• GIVEN MATERIAL:
--*--

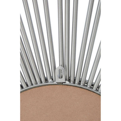 This wall mirror is a stylish statement piece and features a decorative sunburst pattern in a silver finish. The mirror rests in a metal sphere that adds dimension to the design and forms a tonal contrast with the asymmetric metal spokes.
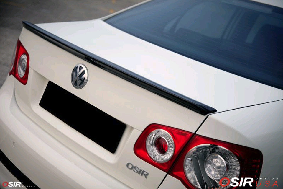 OSIR Design add on rear spoiler for the 2006-2010 VW Jetta MkV. Vacuum infused premium carbon fiber with choice of a High Gloss finish or the SE Matte finish. Also available in high quality paintable fiberglass that comes primed.
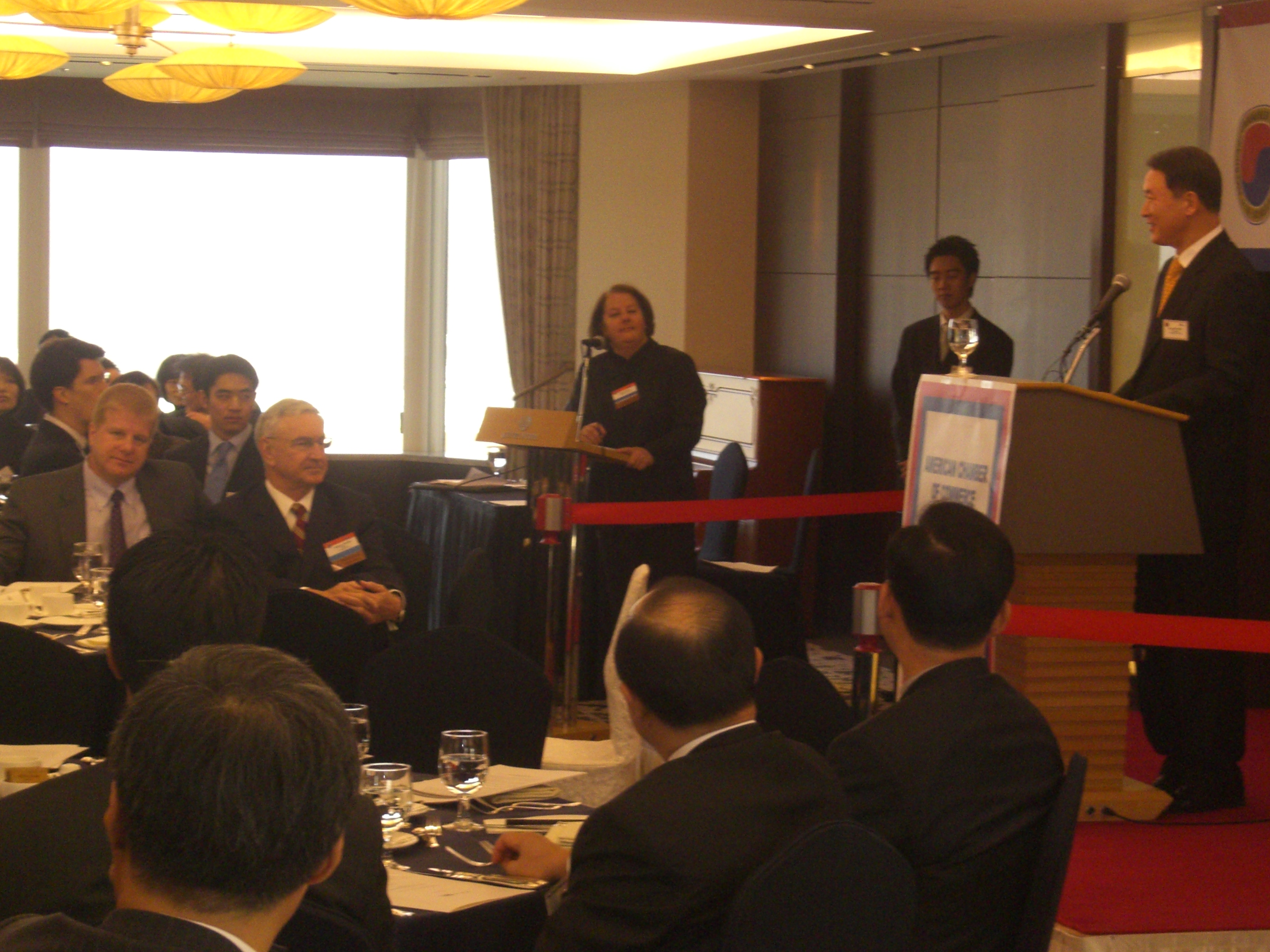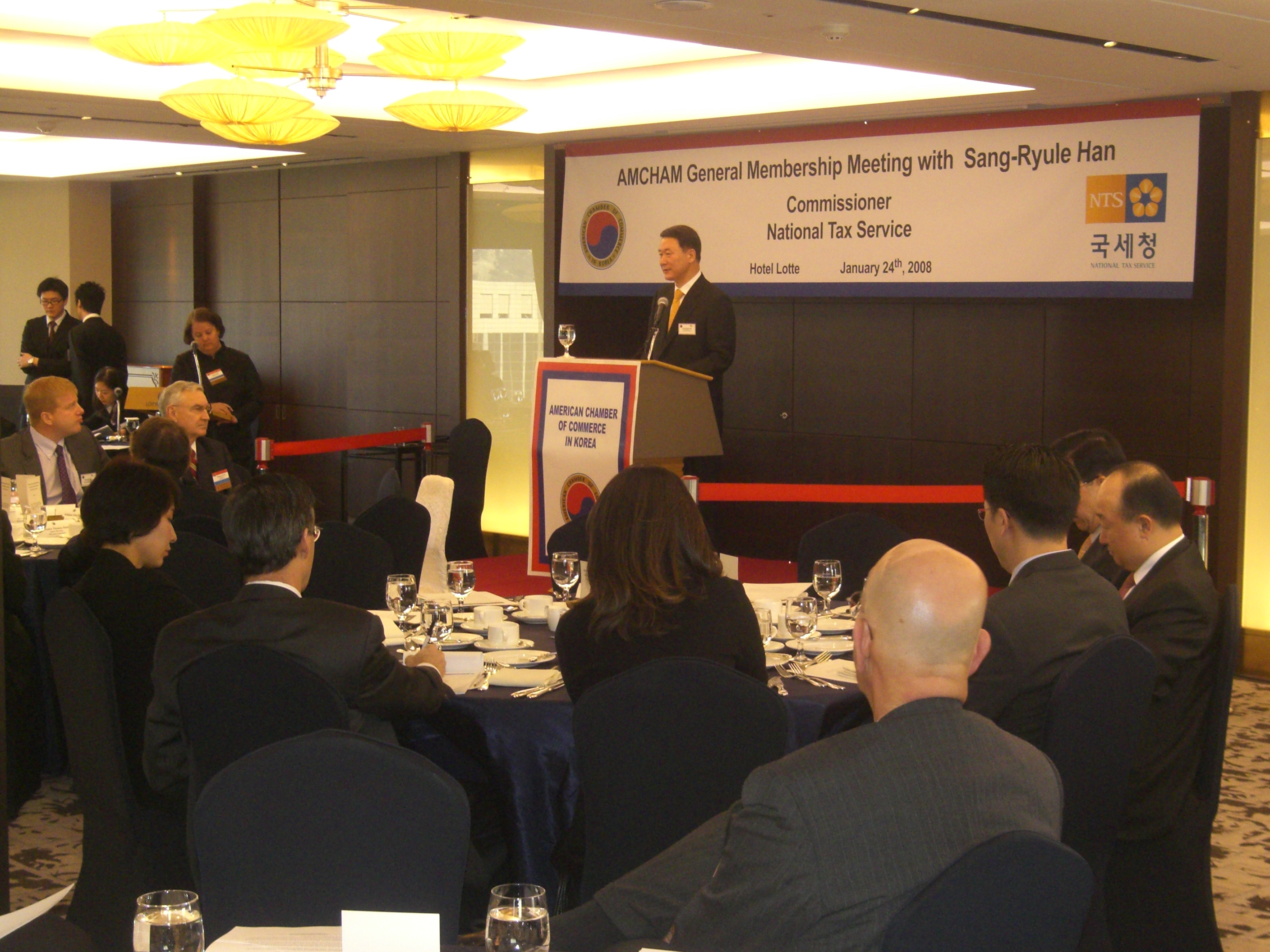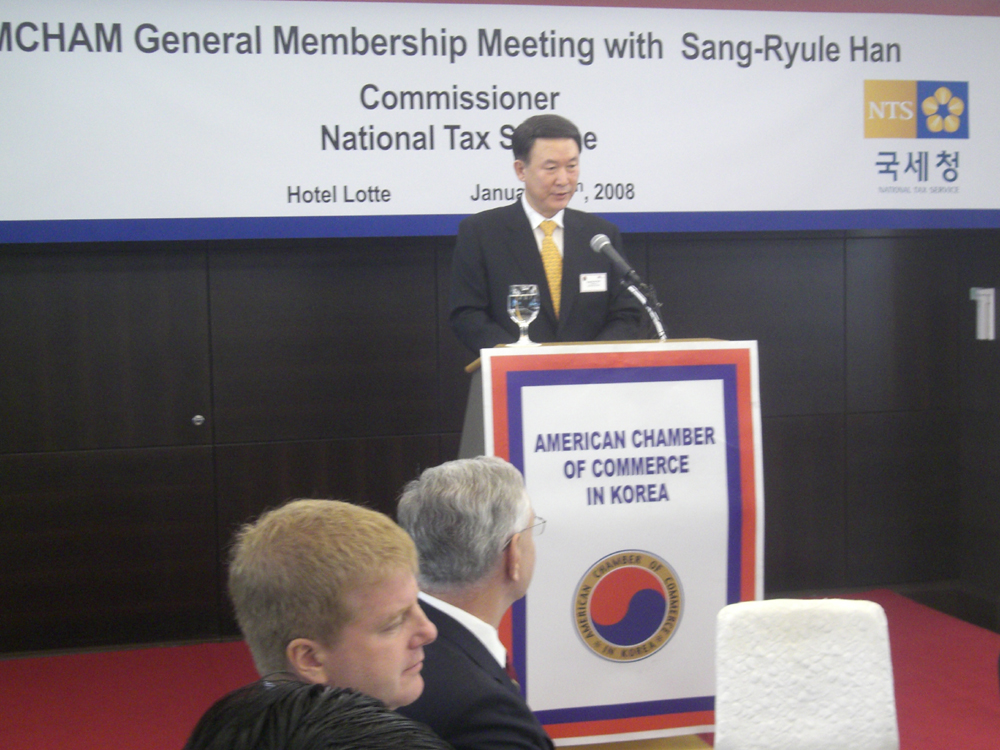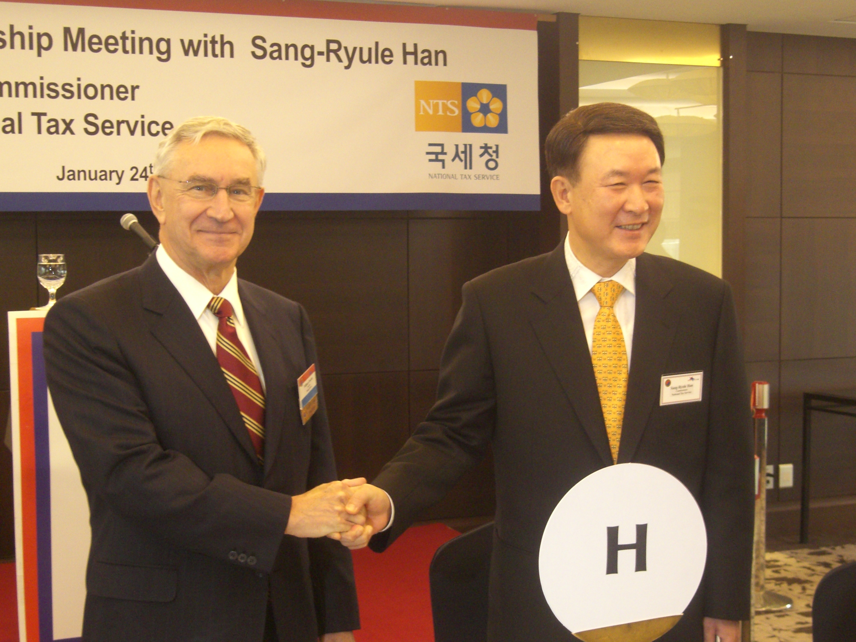 한상률 국세청장과 월리엄 암참회장의 만남.

--*--

• WHAT NEEDS TO BE DONE: Could you copy exactly, and with no pictures, the lines above from the one containing "OSIR Design add" through the last line, both included?

• RESPONSE BOX:
 OSIR Design add on rear spoiler for the 2006-2010 VW Jetta MkV. Vacuum infused premium carbon fiber with choice of a High Gloss finish or the SE Matte finish. Also available in high quality paintable fiberglass that comes primed.
 한상률 국세청장과 월리엄 암참회장의 만남.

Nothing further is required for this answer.